I've got the similar issue without WSL. Every program correctly works with localhost but Postman.

The reason was with localhost that was resolved by Windows to IPv6 address (::1) and not IPv4 (127.0.0.1). Used command ping localhost to found that out. Also the command netsh interface ipv6 show prefixpolicies shows that localhost IPv6 (::1/128) has higher priority than localhost IPv4 (::ffff:0:0/96). Here is an article about changing priority on Windows.

The Postman ignores the IPv6 priority over IPv4 and tries to connect to 127.0.0.1 instead of ::1.

akshaysangma commented 1 year ago

In WSL, run the below command,

 ip add | grep "eth0"

Example output

2: eth0: <BROADCAST,MULTICAST,UP,LOWER_UP> mtu 1400 qdisc mq state UP group default qlen 1000 inet 172.17.241.208/20 brd 172.17.255.255 scope global eth0

in the above output example, replace the IP 172.17.241.208 as your localhost in your websocket URL in Postman, and you will be able to connect succesfully.

Quality of life Updates on 9/9/2023:

Single line command to directly get the IP:

ip addr show eth0 | grep -oP '(?<=inet\s)\d+(\.\d+){3}'

This will directly return the IP : 172.17.241.208

If you are using ZSH, You can also add this line to your .zshrc to always display the IP address on the right side of your prompt, and then source it.

RPROMPT="$(ip addr show eth0 | grep -oP '(?<=inet\s)\d+(\.\d+){3}')"

Results: image

Note : run echo $RPROMPT to see your current RPROMPT value if any and update it with this additional cmd.

wilomgfx commented 1 year ago

Same issue here, running under WSL2 (Ubuntu). Directly using the eth0 IP works.

slhmy commented 1 year ago

@NithinSastry @sikkemap, can you share a scaled-down server we can use to reproduce this issue?

I am using the one in the issue description, both localhost and 127.0.0.1 work fine.

@codenirvana I'm not sure if it's working in postman's websocket request, I tried socket.io request and encountered this issue.

Currently I have to use alternative ways like @akshaysangma provided.

I tried the official example from https://github.com/socketio/socket.io/tree/main/examples/chat (with postman’s sock.io request in v3) Will work fine if I use 172.19.49.109:3000 (which is my WSL's IP), but hang on connecting if I use localhost:3000 to connect.

❤️ It will be nice if we can use localhost directly when testing websocket in postman, because always taking addition steps to apply some alternative solution can be confusing for new comers of some project.

virajBaswana commented 11 months ago

A very simple solution that does the job for me. Run the following command in PowerShell . wsl hostname -I In Postman URL bar, replace 'localhost' with the IP received from the above command.
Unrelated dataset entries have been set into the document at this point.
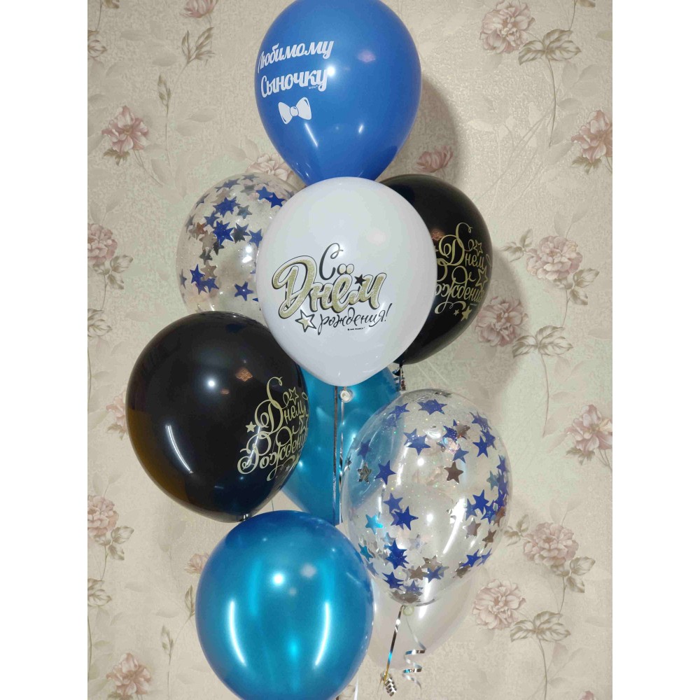 Гелієві кульки з блакитним конфетті — ідеальний вибір для привітання вашого синочка з Днем народженн..
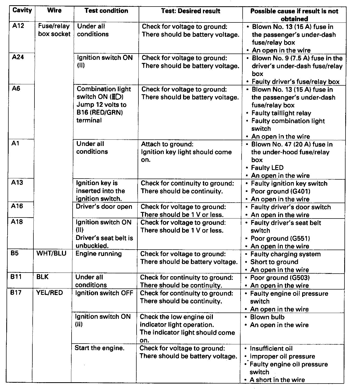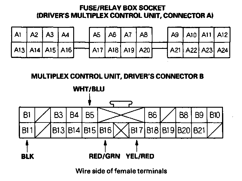 4. Make these input tests at the fuse/relay box socket and the multiplex connector B.
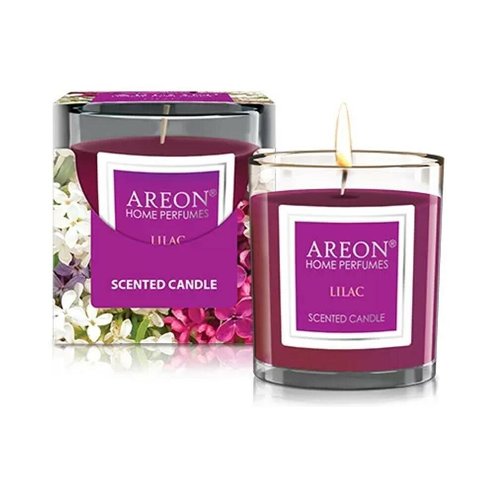 Zapachowa świeca Areon Lilac 120 g z niepowtarzalnymi perfumami Areon, odpowiednia do każdego pomieszczenia, które wypełni kwiatowo-słodkim zapachem z nutami bzu.
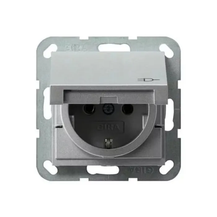 Розетка Gira SYSTEM 55, скрытый монтаж, с заземлением, с крышкой, алюминий, 045426, Нижний Новгород
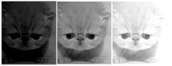 亮度:也稱為灰度,它是顏色的明暗變化,常用 0 %~ 100 % ( 由黑到白 ) 表示。以下三幅圖是不同亮度對(duì)比。
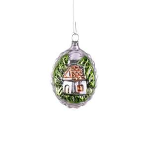 Handcrafted using a vintage mold, this German Christmas ornament features a cozy cabin nestled in the forest on one side, and girl dressed in festive red on the other.
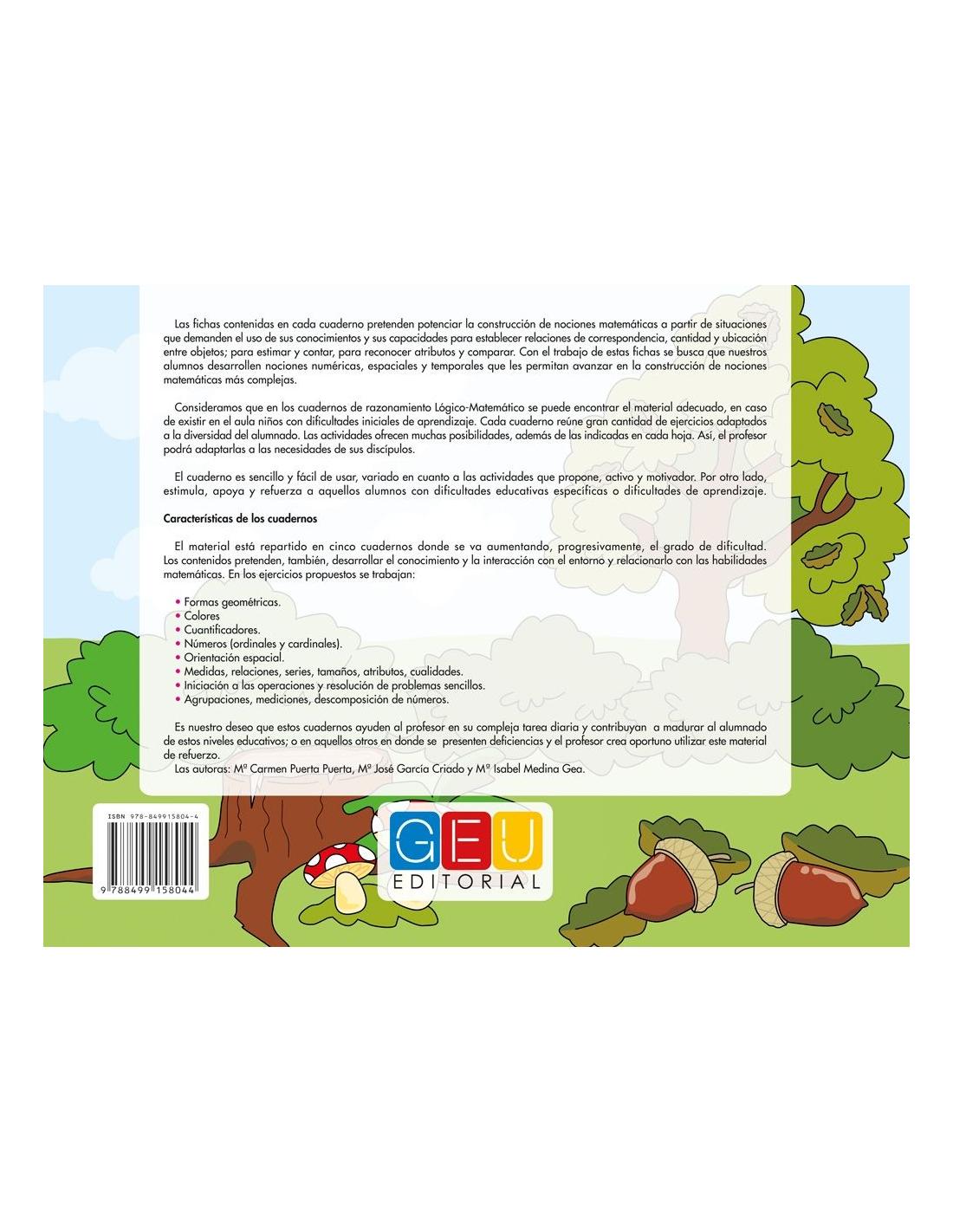 Razonamiento lógico matemático. Cuaderno 4 forma parte de una colección compuesta por 5 cuadernos que estimulan el razonamiento lógico matemático del niño.
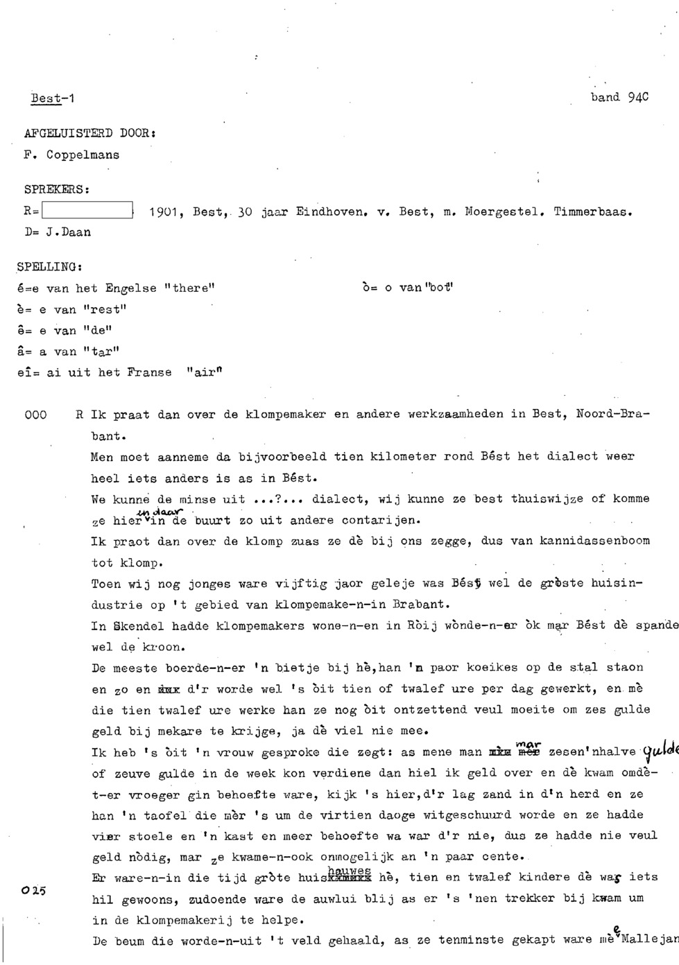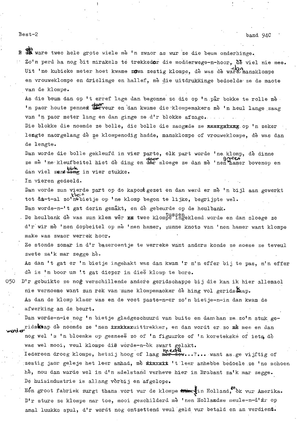 onderwerp: slacht; serie “merkwaardige of typische woorden” werk; dialect(en); veeteelt; lokale geschiedenis klompenmaker
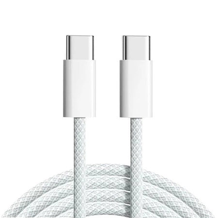 Kabel przewód USB-C do USB-C Type-C do szybkiego ładowania PD 60W nylonowy oplot do Apple iPad mini/Air/Pro iPhone 15/16/Pro/Plus/Max 100cm 1m (Biały)
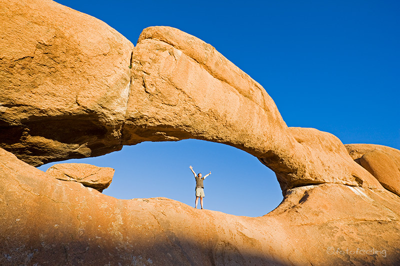 Wir hatten beide verhältnismäßig gut geschlafen und hatten einen schönen wolkenfreien Sonnenaufgang an der Arch. Von dort aus fällt das erste Licht auf die Spitzkoppe und wir genossen die Ruhe und Vollkommenheit des frühen Morgens. Tageskilometer: 470 km Übernachtung: Okaukuejo Campsite - Etosha National Park |
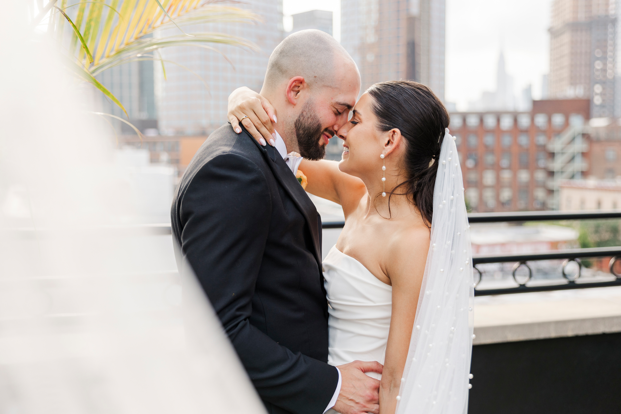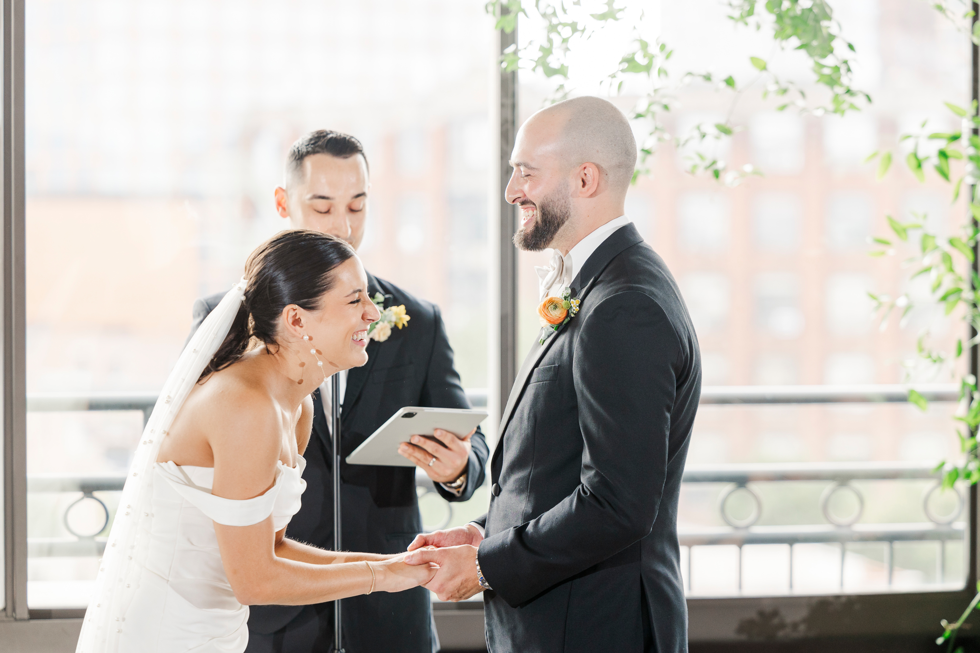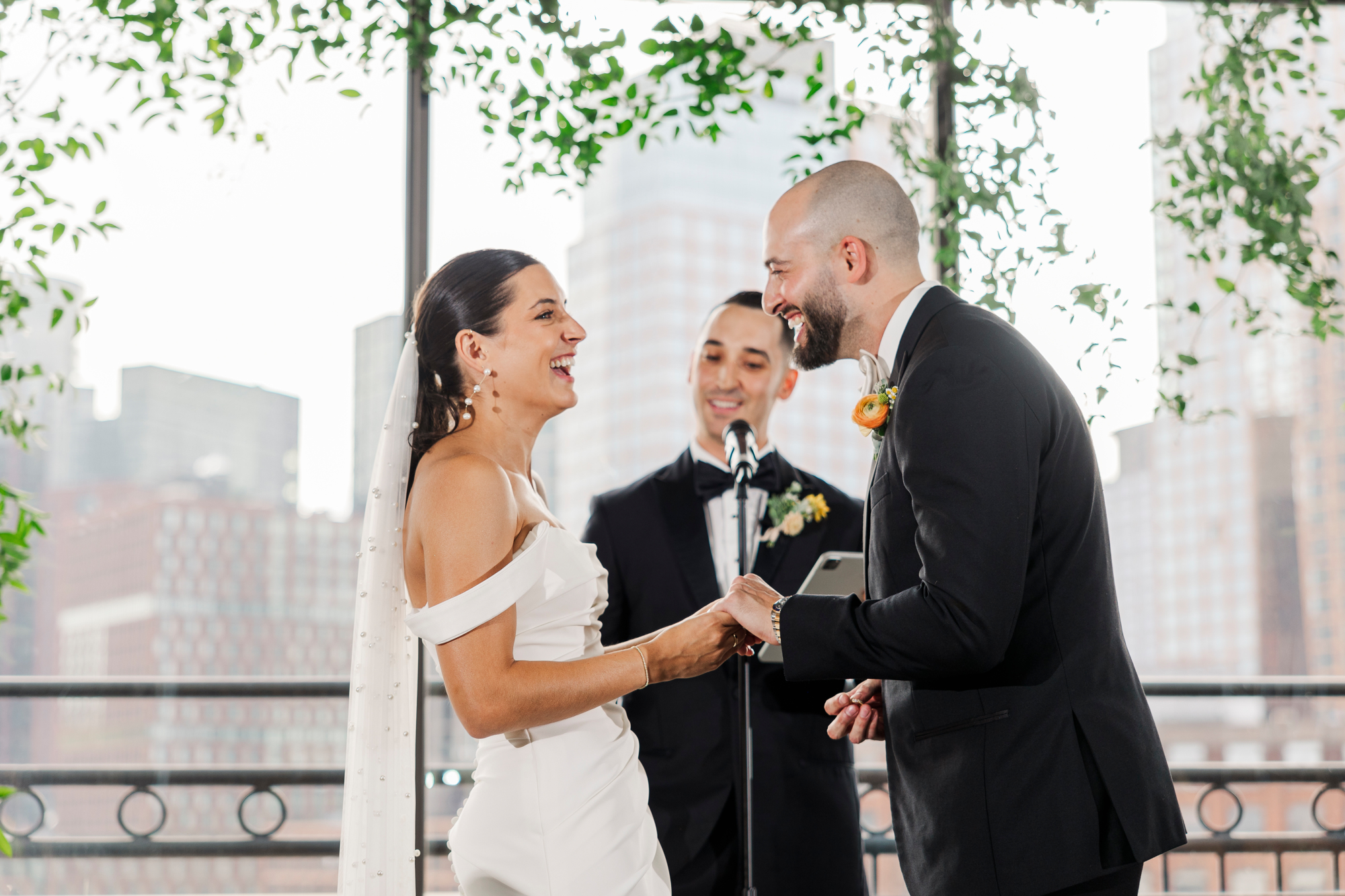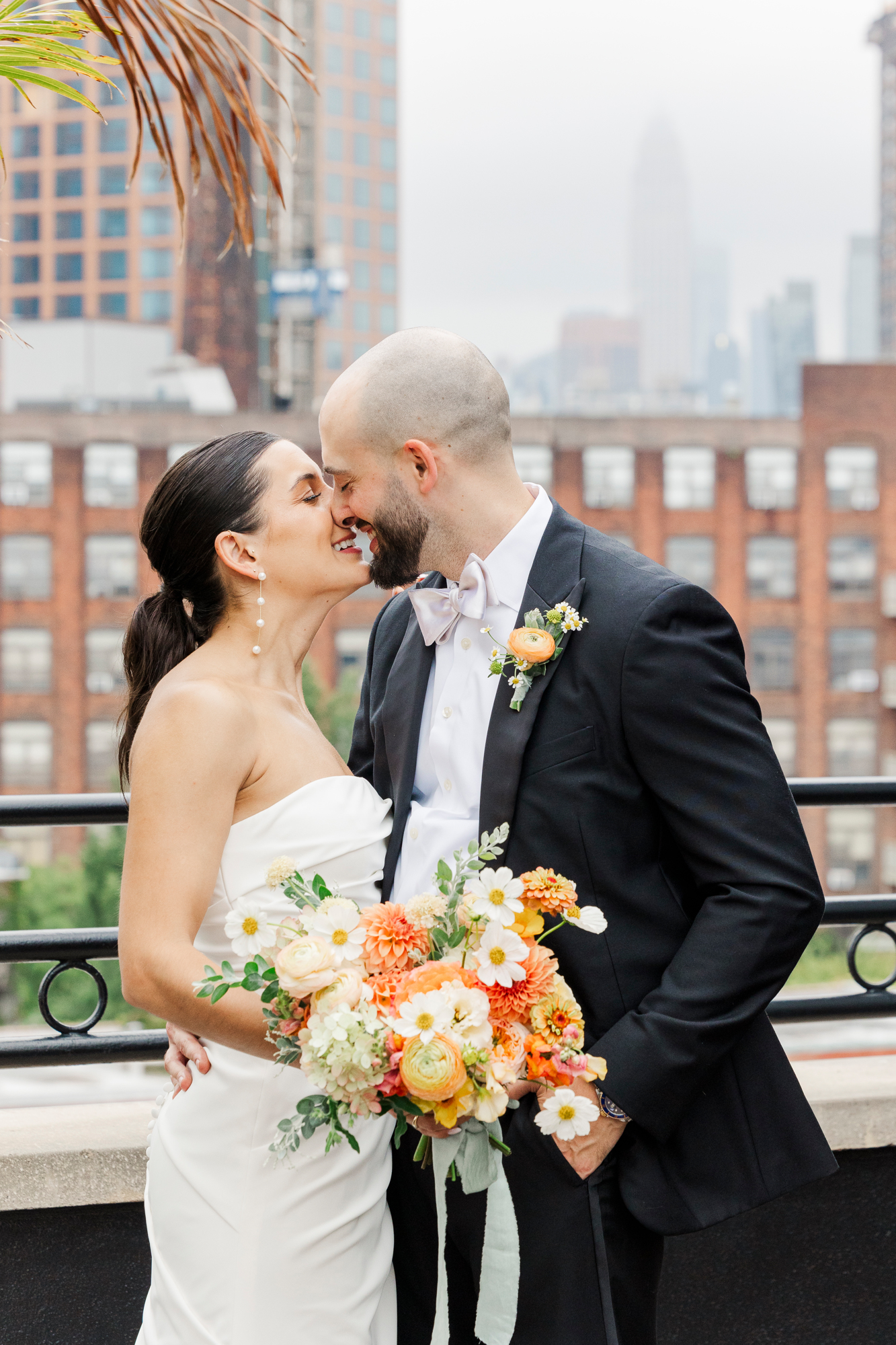 These Brooklyn wedding photos featured a closed rooftop for their hotel ceremony. It was raining on this day before the sun came out for cocktail hour. These two leaned in and enjoyed the cloudy weather as they said their vows to each other. The Box House Hotel rooftop was the perfect spot for their romantic ceremony surrounded by family and friends. This venue is great for couples who want a quintessential NYC celebration.
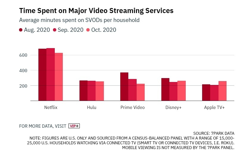 А еще Netflix за последние три месяца стал самым просматриваемым стриминговым сервисом!Он единственный из крупных сервисов, кому зрители в среднем уделяли 600 минут в месяц.

WebSocket connection working great now for me.

piyushyadav1617 commented 11 months ago

A very simple solution that does the job for me. Run the following command in PowerShell . wsl hostname -I In Postman URL bar, replace 'localhost' with the IP received from the above command.

WebSocket connection working great now for me.

This worked fine, thanks.

vimkim commented 9 months ago

Hope this gets fixed..

wajdifarid commented 4 months ago

Still not fixed. But the solution works great.

CrisLi commented 3 months ago

Hope this can get fixed.

Flouwrian commented 2 weeks ago

I also have this issue! Hope it will be fixed in the future!